Transformer Feed-Forward Layers Are Key-Value Memories
Last updated
Last updated
This September 2021 paper presents a novel perspective on the role of feed-forward layers, showing that they function as key-value memories, where each key captures specific input patterns and each value represents a distribution over the output vocabulary.
The key idea is that feed-forward layers emulate neural memories.
The input vectors are multiplied by the keys (the first parameter matrix) to produce memory coefficients, which then weigh the distributions over the output vocabulary stored in the values (the second parameter matrix).
The output of the feed-forward layer is the weighted sum of these values.
The diagram below illustrates:
The learned patterns captured by the keys are human-interpretable, ranging from shallow patterns in lower layers to more semantic ones in upper layers. This suggests that feed-forward layers play a crucial role in capturing and encoding relevant features from the input sequence.
The values complement the keys by inducing output distributions that concentrate probability mass on tokens likely to appear immediately after each pattern, particularly in the upper layers. This indicates that feed-forward layers contribute to the model's ability to predict the next token based on the detected patterns.
The output of a feed-forward layer is a composition of its memories, which is then refined through the model's layers via residual connections to produce the final output distribution. This highlights the importance of the interactions between feed-forward layers and the overall model architecture in generating coherent and contextually appropriate outputs.
The authors' findings shed light on the previously under-explored role of feed-forward layers in transformer-based language models. By demonstrating that these layers function as pattern detectors and contribute to the composition of the final output distribution, the paper deepens our understanding of how transformers process and generate language.
The authors further investigate the role of keys in feed-forward layers by examining the input patterns they capture.
Through a well-designed experiment, they provide strong evidence that each key vector corresponds to specific patterns over the input sequence.
The experiment involves retrieving the training examples most associated with a given key (i.e., the input prefixes that yield the highest memory coefficients) and having human experts identify and classify patterns within these examples.

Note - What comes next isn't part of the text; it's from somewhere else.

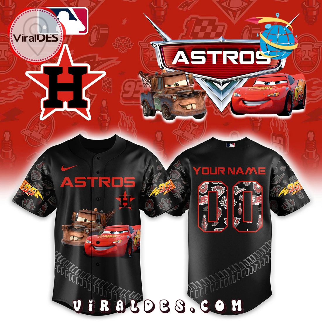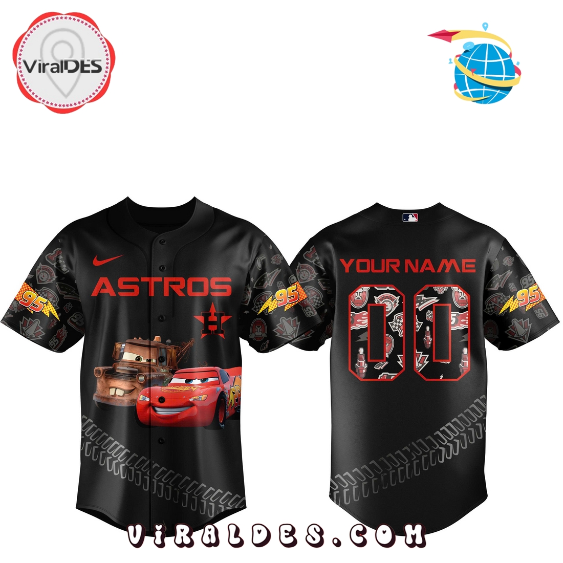 Custom Houston Astros x Lightning McQueen Baseball Jersey Information:

The results are striking: for almost every key in the sample, experts could identify a small set of well-defined patterns that cover most of the associated examples. This finding strongly supports the hypothesis that keys act as pattern detectors over the input sequence.
Moreover, the analysis reveals an interesting trend across the layers of the transformer model.
In lower layers (1-9), the detected patterns are predominantly shallow, often involving prefixes that share the last word. In contrast, upper layers (10-16) are characterised by more semantic patterns, where prefixes come from similar contexts but lack clear surface-form similarities.
This observation aligns with recent findings that lower layers in deep contextualized models encode shallow features, while upper layers capture more semantic information.
To further validate this trend, the authors conduct an additional experiment where they apply local modifications to the top trigger examples of randomly sampled keys.
By removing either the first, last, or a random token from the input and measuring the change in the memory coefficient, they demonstrate that the model considers the end of an example as more salient than the beginning for predicting the next token.
Notably, removing the last token has less impact in upper layers, supporting the conclusion that upper-layer keys are less correlated with shallow patterns.
After analysing the input patterns captured by the keys, the authors turn their attention to the information stored in the corresponding values. They present compelling evidence that each value vector can be interpreted as a distribution over the output vocabulary, and that this distribution complements the patterns in the corresponding key, particularly in the upper layers of the model.
To convert value vectors into probability distributions, the authors multiply each value vector by the output embedding matrix and apply a softmax function. While the resulting distribution is uncalibrated due to the input-dependent memory coefficient, the ranking induced by the distribution remains informative.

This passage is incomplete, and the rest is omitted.